I’ve just had one of those days you feel good about.
So often I tend to get involved in broadband projects at the very beginning and my work is done before a single spade breaks earth – in some cases its been as long as three or four years between my involvement and anybody actually receiving a service.
However, there are now several fibre projects live today, in very different locations and run by very different people, which I’ve been lucky enough to have some hand in at the very beginning. So today it was great to spend the morning in Bournemouth with the guys at Fibrecity to see how they’re getting on.
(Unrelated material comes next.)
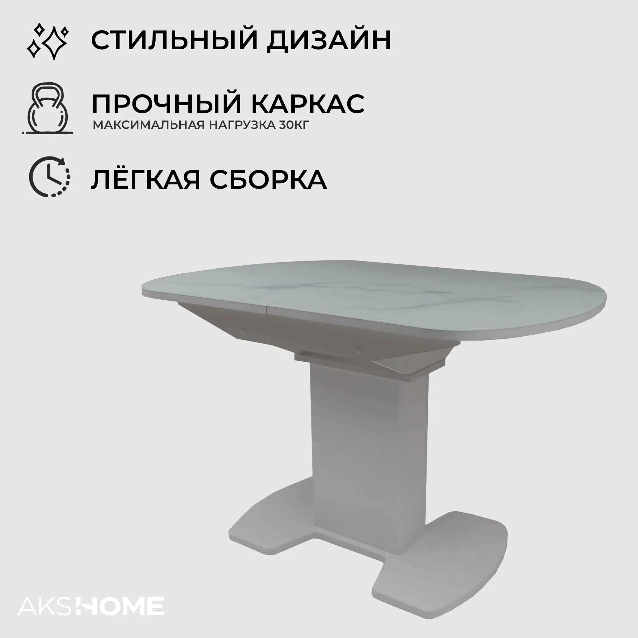 Стол TIRK RADIAL-94, раздвижной 94(126)х64, Дымчатая керамика/Чёрный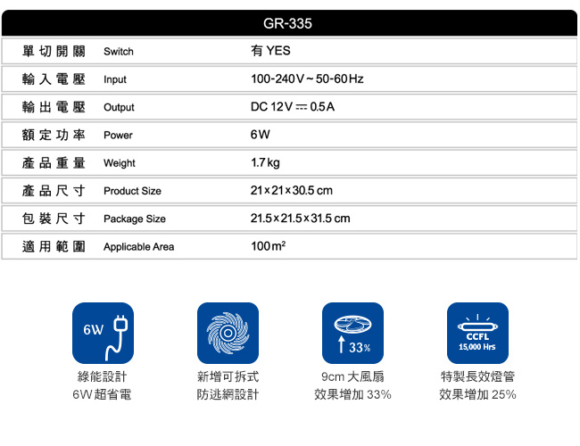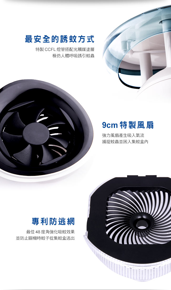 長效燈管,壽命增加65%,超大風扇,風量增加33%以上,全新可拆式旋風式防逃網設計,捕蚊好幫手!

It was back in 2008 when I spent some time with a group of maverick entrepreneurs trying to work out what was the best passive architecture when delivering fibre across a city using as much of the sewers as possible. I learnt more about sewers in those few weeks then I ever thought possible but at the end of it we came up with what seemed like a pragmatic but potentially blistering open access solution.
In an ideal world everyone would have liked to deliver an ultimately flexible point to point fibre solution which could support either GPON with the splitters in the POP or Ethernet or both but the size of cable permitted in the sewers meant that it had to be PON. However we worked the topology of the sewers to minimise the splits to make sure today’s GPON equipment would deliver a 100Mbps symmetrical service with no contention in the access network so it could match anything a point-to-point Ethernet could deliver – more splitters could be added in the PoP to keep port costs down if needed but the lower splits could be used to deliver the fastest services possible should the need arise.
Two and half years later they have now passed 21,000 homes and the first real customers are starting to benefit from the work put in back then. Seeing the network in action it was great to see the early work really paid off. The 100 Mbps really was a 100 Mbps, except they have the optional burst turned on which meant they were demonstrating 1 Gbps – and there was no doubt it was 1 Gbps. HD movie files were downloading in seconds and speed-tests were heading off the scale.
There is no doubt that Fibrecity are mavericks – but its entrepreneurial mavericks that are needed just now if we are to break the mould. They are in the process of restructuring the company to bring the UK networks more in line with their international projects. I wish them all the very best of luck with that!
And when you see ads or news articles telling you some 50/100/200Mbps service is the fastest in the UK, remember, the UK already has Gigabit out there – I know I’ve seen it!